# Looky what i just got!



## milk and honey (Oct 31, 2010)

She's from tenacross..and is a super cute bottle baby saanen/boer cross doe. What a doll baby! I told my husband she might need to sleep with me. Ha ha I think I'll call her Bella.


----------



## imthegrt1 (Jan 13, 2013)

Cool how old what she cost u


----------



## EstellaMA (Feb 4, 2011)

Aw, yay, glad to know you got her


----------



## GTAllen (Jul 22, 2012)

She is a big one. Very nice!


----------



## nancy d (Oct 5, 2007)

So glad she's still in the family, what a doll!


----------



## clearwtrbeach (May 10, 2012)

What a cutie, congrats on bringing her home


----------



## MotleyBoerGoats (Mar 23, 2013)

they are so cute we had a couple of those they make great milkers and they are just as sweet as they can be we really hated to get rid of ours but am going for more bore instead of crosses .She is just adorable


----------



## Used2bmimi (Oct 3, 2012)

Yay! Congratulations!


----------



## milkmaid (Sep 15, 2010)

Aww, she is a doll!  Do the Saanen/Boer crosses give rich milk?


----------



## ThreeHavens (Oct 20, 2011)

Congrats on your new baby!


----------



## ksalvagno (Oct 6, 2009)

So you are the one who got her! Too cute! Congrats!


----------



## StarMFarm (Jan 17, 2013)

That's awesome, congrats! She is adorale


----------



## happybleats (Sep 12, 2010)

what a cutie : ) we just began adding a few boer ladies to our herd to breed with our Saanen buck I love the cross


----------



## milk and honey (Oct 31, 2010)

Bella is SO stinkin cute! I actually got up at 3 am and gave her 6 oz! I'm ashamed to say what I got her for...cause she was almost free.

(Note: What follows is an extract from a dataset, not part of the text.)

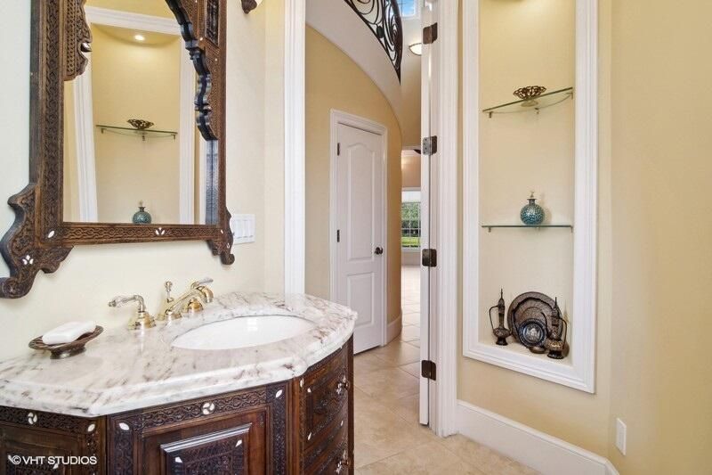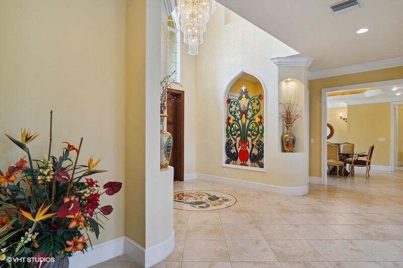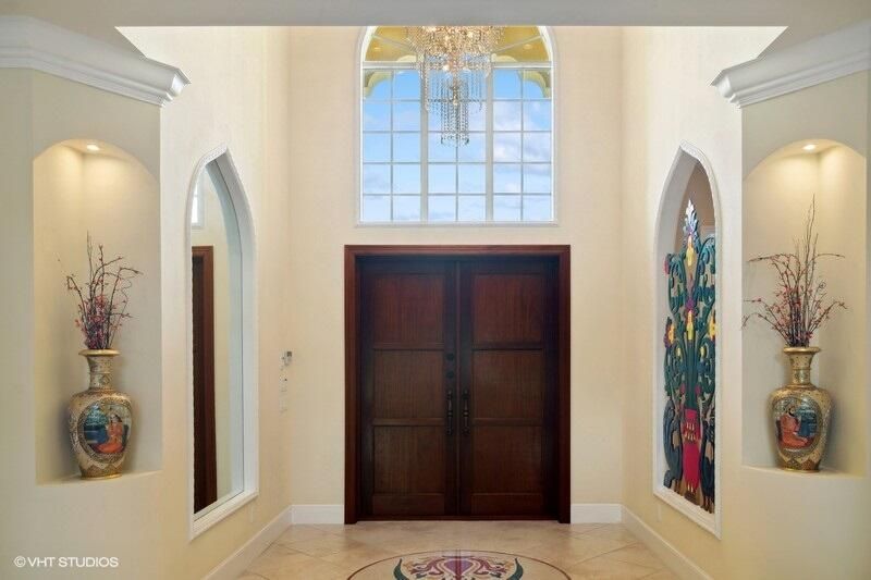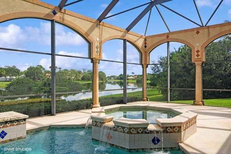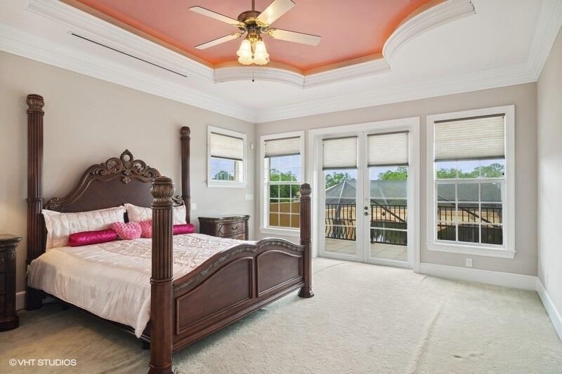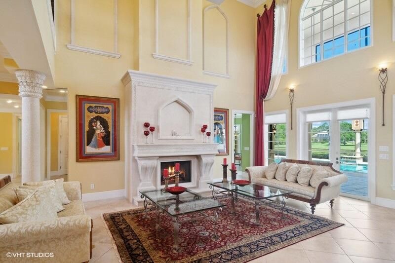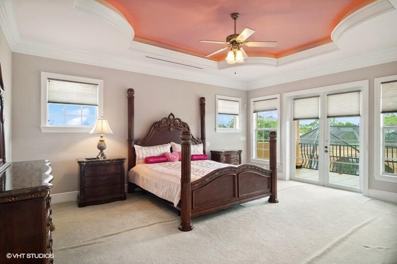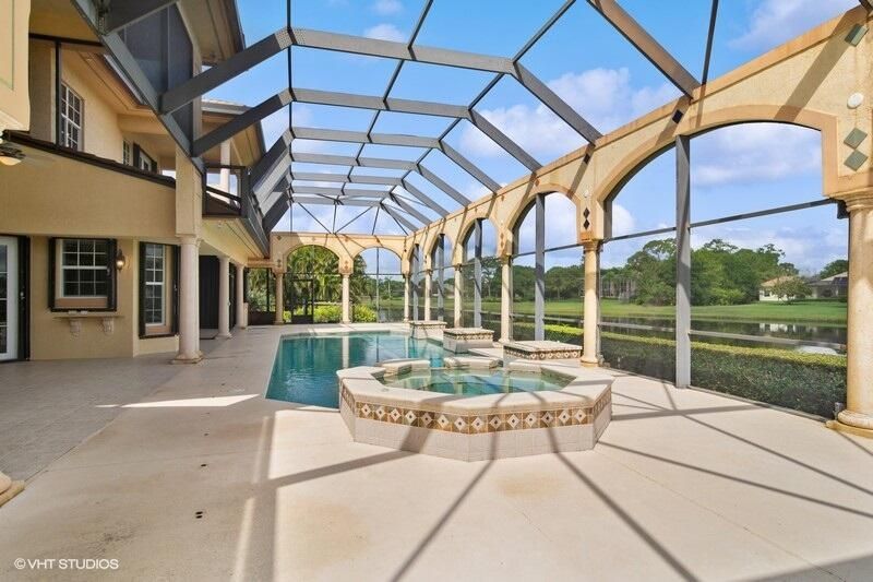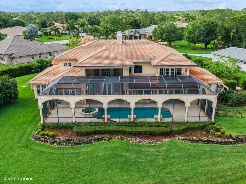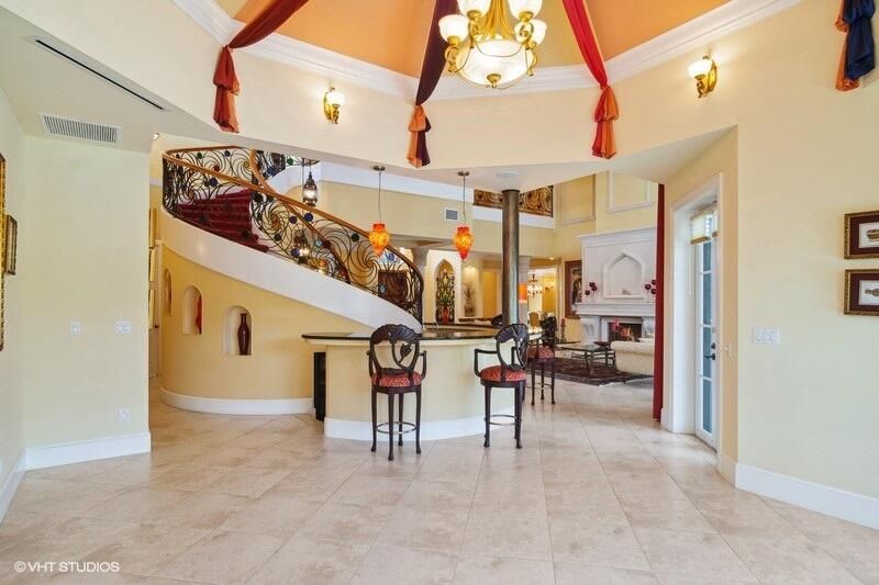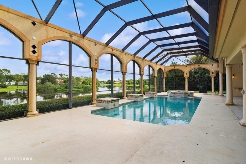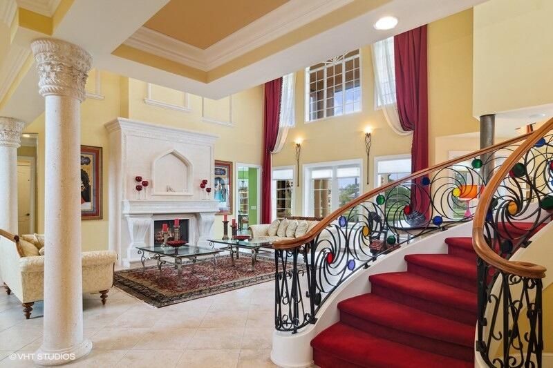 THIS UNIQUE HOME WITH IMPACT GLASS OFFERS 6,849 sq ft under air.Under roof is 10,768 sq ft. Truly a mansion that looks like a castle! Five bedrooms includes 2 master bedrooms, one upstairs, one downstairs, plus a wonderful custom built-in office and 5.5 baths. Formal living, formal dining and a wonderful circle bar area for entertaining!! Use the elevator or the beautiful spiral staircase to retreat to the gorgeous second floor. Large open Chef's Kitchen adjacent family room & breakfast area that over looks the lake. Outside you will find ample entertainment space and a screened covered lanai with a refreshing pool/spa, summer kitchen that overlooks the fabulous view! Additional features include a 3-car garage, generator and buried propane tank. 1.17 acre homesite on private cul-de-sac
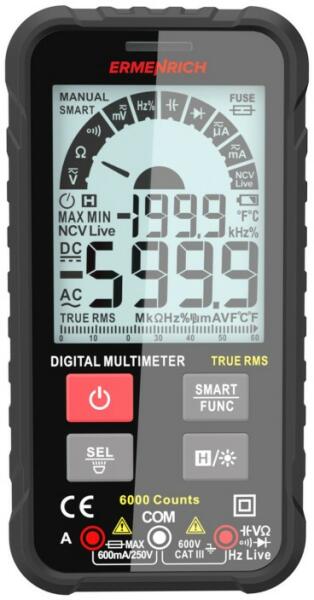 Ermenrich Zing TC19 digitális multiméterAz Ermenrich Zing TC19 digitális multiméter elengedhetetlen eszköz a professzionális villanyszerelők napi munkája során. A mindennapi életben is segít az elektromos készülékek és a vezetékek tesztelésében, és képes megtalálni az autó elektromos rendszerén belüli hibákat. Kompakt és rendkívül könnyű kialakítása megkönnyíti a hordozást, az egyszerű kezelőszervek pedig megkönnyítik a rutinmunkát. A multiméter nagy mérési pontosságot biztosít, hiszen True RMS számításokat használ. A multiméter méri a feszültséget, az ellenállást, az áramerősséget, a frekvenciát, a kapacitást és a munkaciklust. További funkciói közé tartozik a hálózatok nyitott vagy rövidre zárt áramköreire irányuló tesztelése, a diódateszt, az érintésmentes feszültség-érzékelés (NCV) és a fázisérzékelés. A Smart funkció megkönnyíti az elektromos jel alapvető jellemzőinek mérését. A tartás funkció akkor hasznos, ha szeretné „befagyasztani a képernyőn megjelenő értékeket, hogy később meg tudja nézni azokat. A készülék monokróm képernyővel rendelkezik, amely megjeleníti a grafikus skálát és a leolvasott értékeket. A multiméter zseblámpával rendelkezik, így gyenge fényviszonyok mellett és elektromos elosztószekrényeken is dolgozhat. Az eszköz standard elemekkel működik. Az energiatakarékos használat érdekében automatikusan kikapcsol, ha hosszabb ideig nem használják. Főbb jellemzők:Multifunkcionális, digitális multiméterA következő funkciókat ötvözi: feszültségmérés, áramerősség-mérés, ellenállásmérés, kapacitásmérés, frekvenciamérés és munkaciklusmérésFázisérzékelés, diódateszt, NCV-funkció, szakadásvizsgálat, True RMS számításokKiegészítő grafikus skála a képernyő könnyű leolvasásáhozHagyományos elemekkel működikA készlet tartalma:Digitális multiméterMérőszondákTokFelhasznál i kézikönyv és garanciajegyMárkaErmenrichSzavatosság5 évEAN5905555017631A csomag méretei (HxSzxM):16x9x5 cmSzállítási súly0.26 kgA mérési határérték kiválasztásaautomataAlapfunkciókfesz ltségmérés, áramerősség-mérés, ellenállásmérés, kapacitásmérés, frekvenciamérés, munkaciklusmérésDC (egyenáramú) feszültségmérési határérték60 mV/600 mV/6 V/60 V/600 V: hiba ±(0,5%+3)AC (egyenáramú) feszültségmérési határérték60 mV/600 mV/6 V/60 V/600 V: hiba ±(1,0%+3)DC áramerősség mérési határérték6000 A/60 mA/600 mA: hiba ±(1,2%+5)AC áramerősség mérési határérték6000 A/60 mA/600 mA: hiba ±(1,5%+5)Ellenállás mérési határérték600 /6 k/60 k/600 k/6 M/60 M: hiba ±(1,0%+5)Kapacitásmérési határérték6 nF/60 nF/600 nF/6 μF/60 μF/600 μF/6 mF/60 mF: hiba ±(4,0%+5)Frekvenciamérési határértékek10 Hz/100 Hz/1000 Hz/10 kHz/100 kHz/1000 kHz/10 MHz: hiba ±(1,0%+5)Munkaciklus méréstartomány1–99%: hiba ±(3,0%+5)Dióda tesztyesÉrintés nélküli feszültségérzékelés (NCV érzékelés)yesTrue RMSyesTartás funkcióyesAutomatikus felismerés funkció (Smart)+ (csak DC és AC feszültség, ellenállás és szakadásvizsgálat esetén)Fázisérzékelő (Live)yesTúlfeszültség kategóriaCAT III 600 VKijelző visszaszámláló6000Kijelző háttérfényyesGrafikus skálayesZseblámpayesBiztonsági szabványokEN61010-1, -2-030; EN61010-2-033; EN61326-1Folytonossági tesztyesTápellátás2 db CR2032 típusú elem (a készlet nem tartalmazza)Lemerülőben lévő elem jelzőlámpájayesAutomatikus kikapcsolásyes

I plan to breed her to a boer buck. For some little "mostly boers" this bottle feeding could be addicting! I'm a momma again!


----------



## happybleats (Sep 12, 2010)

those are some kissy lips she has....


----------



## runrgirl22 (Jan 15, 2013)

Adorable!


----------



## Countrygal (Apr 5, 2013)

Adorable!


----------



## KW Farms (Jun 21, 2008)

Absolutely darling!! Congrats!


----------



## milkmaid (Sep 15, 2010)

Aww! I just want to grab her right out of the picture and hug her!


----------



## Delilah (Jan 6, 2013)

She is super super cute!!!! Congrats!!!


----------



## Trickyroo (Sep 26, 2012)

Congrats , she is simply adorable


----------



## goathiker (Apr 14, 2011)

Ah, you got Shep's half sister  That's cool. She looks a lot like him. They are such sweet babies.


----------